The MEIS technique allows the determination of the composition and atomic structure of crystalline surfaces and interfaces. It typically uses H+ or He+ at incident energies in the 100-400 keV range. Similar to Rutherford Back Scattering (RBS), MEIS involves the energy analysis of scattered primary ions but generates much finer depth resolution. The picture on the left shows the analysis chambers for the MEIS facility at Daresbury, UK whereas the diagram below illustrates the whole MEIS setup at Daresbury. The picture actually shows three chambers, intro, preparation and analysis.

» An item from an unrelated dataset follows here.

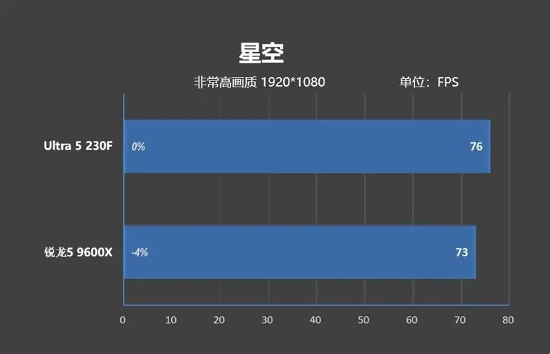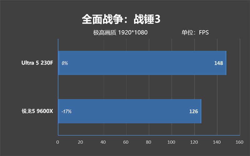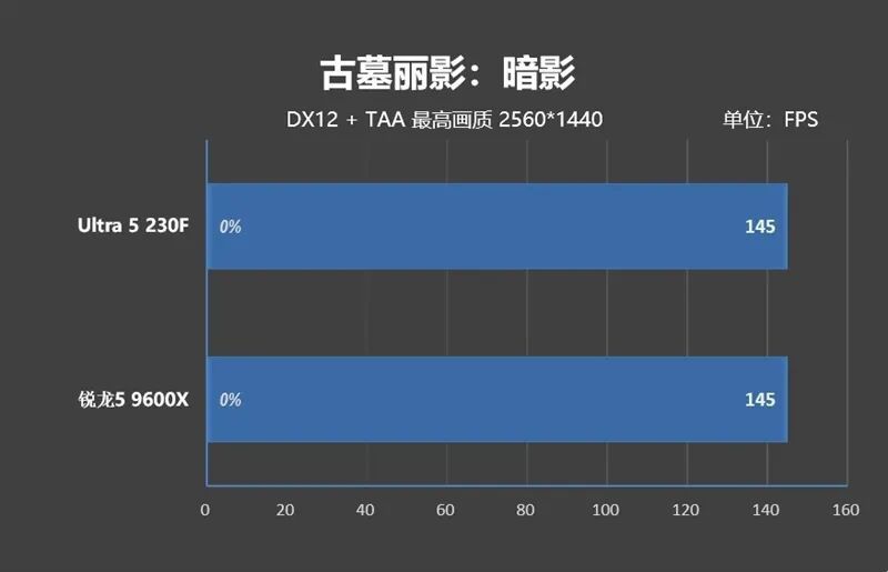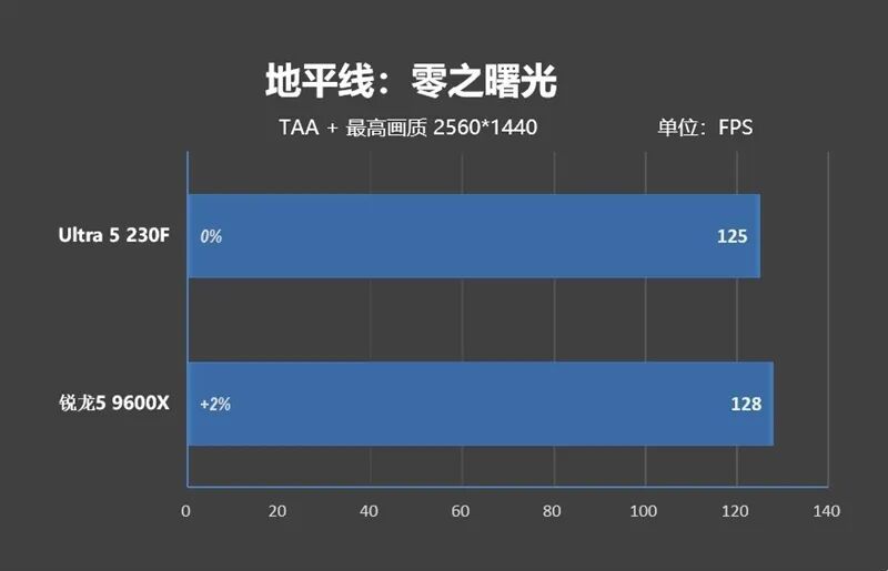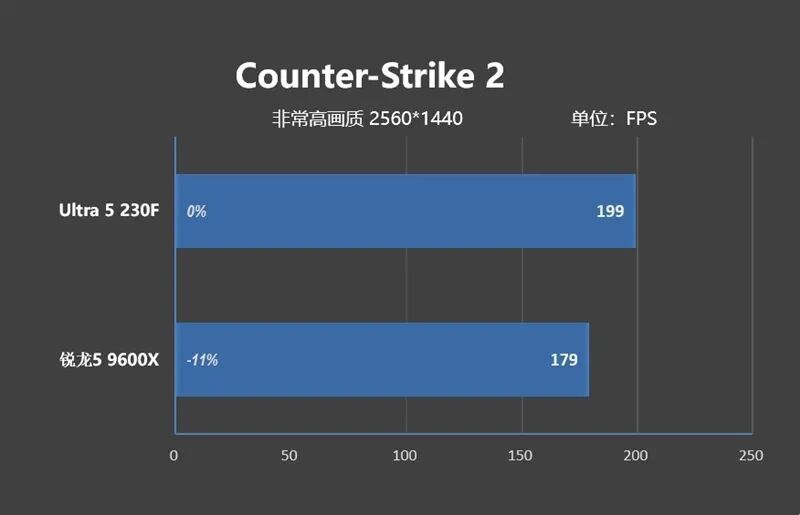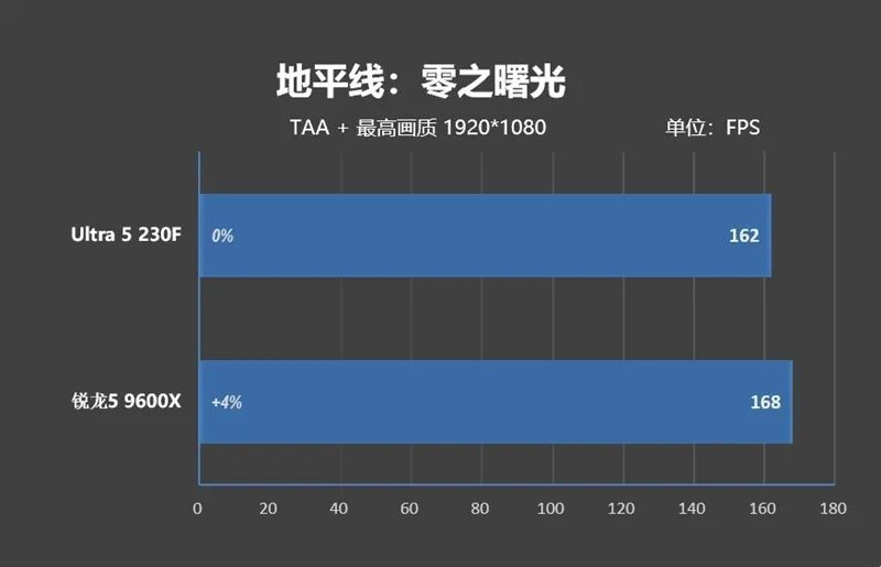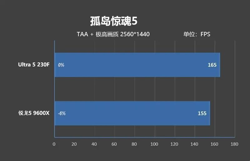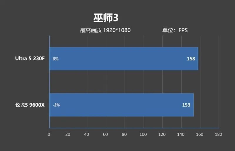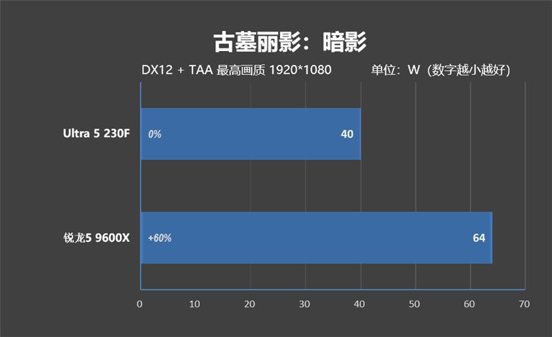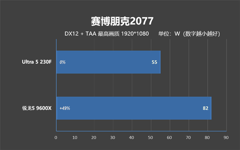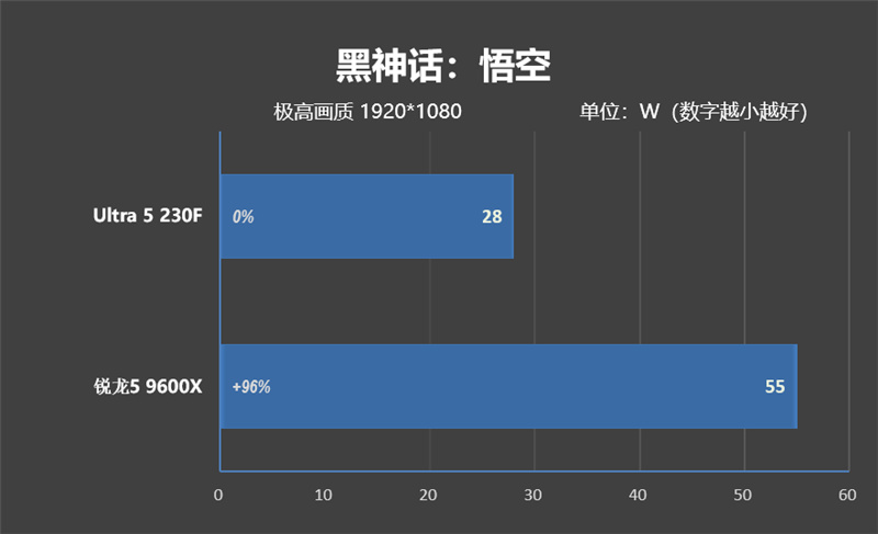 在遊戲幀率相差不大的情況下,Ultra 5 230F的能效比竟然比銳龍5 9600X高出了70%。

The MEIS technique exploits the use of elastic 'shadow cones' in both the incident and backscattering parts of the ion trajectory. The shadow cones are at much higher energies than in LEIS therfore they are much narrower. Narrower shadow cones makes it possible to probe deeper into the subsurface than in LEIS. Combined with improved structural sensitivity MEIS has the ability to obtain subsurface compositional information through the inelastic energy losses incurred as the ions penetrate further into the solid. When the ion beam is aligned with a crystallographic axis(as shown on the left) the surface atoms shadow deeper atoms from the ion beam. This alignment therefore makes the technique surface specific and, for a particular crystal, certain ingoing directions can allow the ion beam to illuminate only the top one, two, or three layers according to choice. Ions scattered from the second layer will have their outward paths blocked at certain angles by first layer atoms as illustrated on the left. These blocking cones are represented by dips in the spectra.